Retype only what runs from the beginning of the data through the line with "セルロースファイバーの調湿機"; please omit the pictures and keep every line exact.

• **Raw data**:
-------

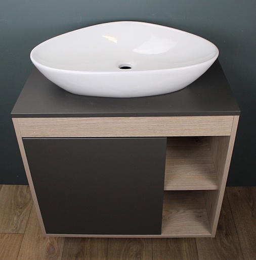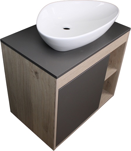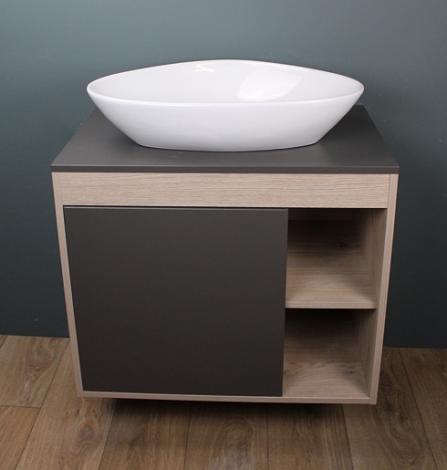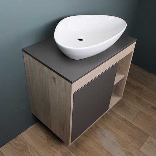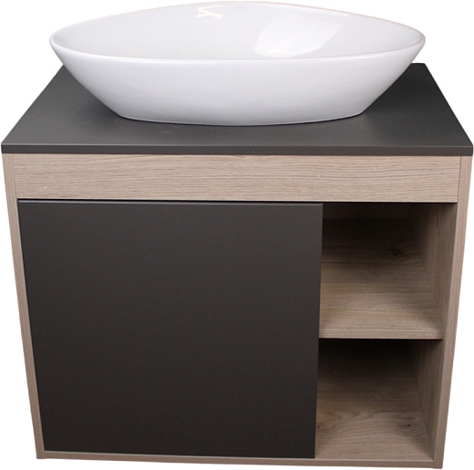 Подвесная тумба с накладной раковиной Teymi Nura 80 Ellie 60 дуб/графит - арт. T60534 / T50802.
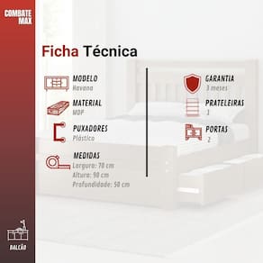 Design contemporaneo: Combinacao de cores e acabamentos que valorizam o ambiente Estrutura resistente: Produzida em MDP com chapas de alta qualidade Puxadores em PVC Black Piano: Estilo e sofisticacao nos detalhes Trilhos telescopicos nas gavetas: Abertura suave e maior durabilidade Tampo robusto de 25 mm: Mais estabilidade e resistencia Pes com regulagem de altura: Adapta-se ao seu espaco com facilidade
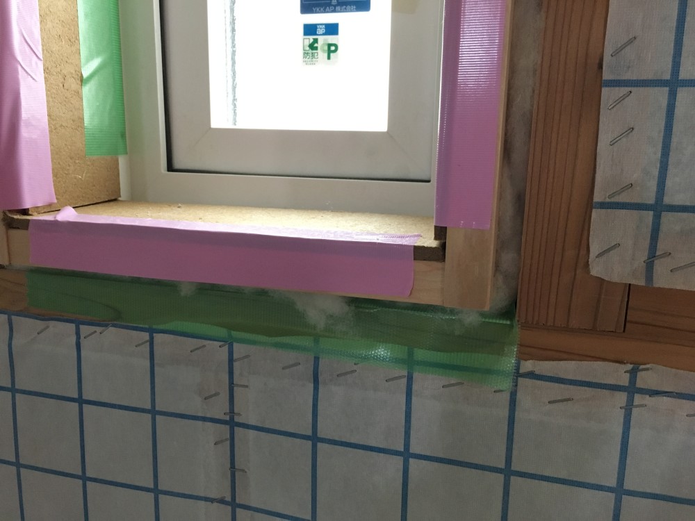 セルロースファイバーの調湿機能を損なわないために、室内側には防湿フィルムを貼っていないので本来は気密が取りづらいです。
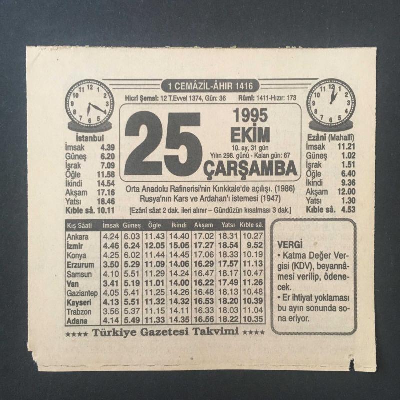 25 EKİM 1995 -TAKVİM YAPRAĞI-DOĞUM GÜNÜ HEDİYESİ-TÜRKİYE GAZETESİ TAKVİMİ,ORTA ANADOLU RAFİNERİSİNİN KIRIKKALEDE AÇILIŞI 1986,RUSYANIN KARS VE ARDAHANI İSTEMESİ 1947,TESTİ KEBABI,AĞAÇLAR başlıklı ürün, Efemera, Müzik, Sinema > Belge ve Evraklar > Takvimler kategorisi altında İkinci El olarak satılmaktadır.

-------

• **Task response**:
 Подвесная тумба с накладной раковиной Teymi Nura 80 Ellie 60 дуб/графит - арт. T60534 / T50802.
 Design contemporaneo: Combinacao de cores e acabamentos que valorizam o ambiente Estrutura resistente: Produzida em MDP com chapas de alta qualidade Puxadores em PVC Black Piano: Estilo e sofisticacao nos detalhes Trilhos telescopicos nas gavetas: Abertura suave e maior durabilidade Tampo robusto de 25 mm: Mais estabilidade e resistencia Pes com regulagem de altura: Adapta-se ao seu espaco com facilidade
 セルロースファイバーの調湿機能を損なわないために、室内側には防湿フィルムを貼っていないので本来は気密が取りづらいです。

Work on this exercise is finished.